Postdoctoral positions are available starting Sept 15, 2019 in the laboratories of Drs. Sue Rhee and David Ehrhardt at the Carnegie Institution for Science, Department of Plant Biology, to participate in an exciting DOE-funded project (https://dpb.carnegiescience.edu/news/2019/8/carnegie-led-initiative-receives-major-doe-biofuels-research-grant) to generate a cellular view of plant metabolism and use the information to build and test compartmentalized metabolic network models using Sorghum and Brachypodium. This project is part of a large DOE initiative (https://www.energy.gov/articles/department-energy-announces-64-million-research-plants-and-microbes) to expand knowledge of gene function in bioenergy crops.
The scientists will work in a team setting with personnel from Drs. Drs. Markita Landry (UC Berkeley) and Jenny Mortimer (LBNL) labs. Our aim is to first accurately define subcellular locations of enzymes by both experimental and computational approaches, then model the compartmentalized metabolic network under different environmental scenarios. Projects include: 1) developing experimental methods to identify subcellular locations of metabolic enzymes using carbon nanotube-mediated transient expression and confocal microscopy; 2) developing computational methods to accurately predict enzyme locations within the cell by leveraging the experimental data; 3) developing database and visualization infrastructure for making all the data and codes from this project available to the public; 4) developing compartmentalized metabolic network models to study the functions of Sorghum and Brachypodium metabolism in response to changes in water, light, and temperature; and 5) developing flux balance models and performing metabolic flux analyses to optimize the production of lipids, suberin, lignin and starch.

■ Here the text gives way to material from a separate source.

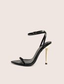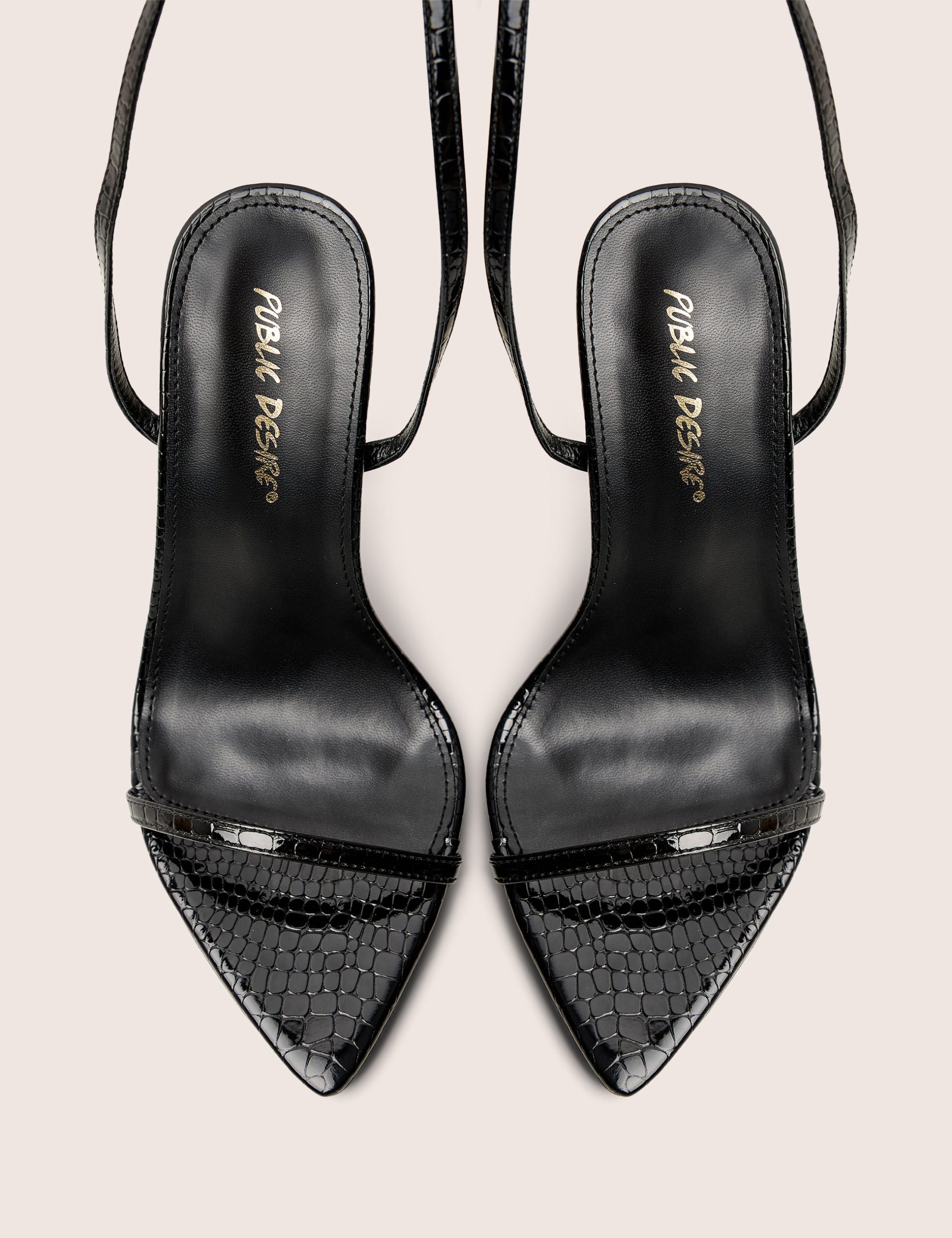 Strut around in style with these Legacy Wide Fit Black Patent Croc Barely There Pointed Toe Gold Stiletto Heels. Classy but definitely not basic – these trendy shoes will be your go-to for any occasion, no matter what you’re wearing! Knock ’em dead!

Successful candidates should have demonstrated ability for independent and critical thinking, excellent communication and teamwork skills, and enthusiasm for learning new things. Qualified computational biology candidates must have a Ph.D. or equivalent in bioinformatics, computational biology, plant biology, microbiology, systems biology, biochemistry or a related field, and a strong background in constraint-based metabolic model reconstruction of plants or fungi. Candidates should be proficient in at least one programming language, preferably python and/or perl. Experience in using MATLAB is highly desired. Qualified experimental biology candidates must have a Ph.D. or equivalent in cell biology, plant biology, genetics, microbiology, systems biology, biochemistry or a related field, and a strong background in molecular biology and imaging analysis using confocal microscopy.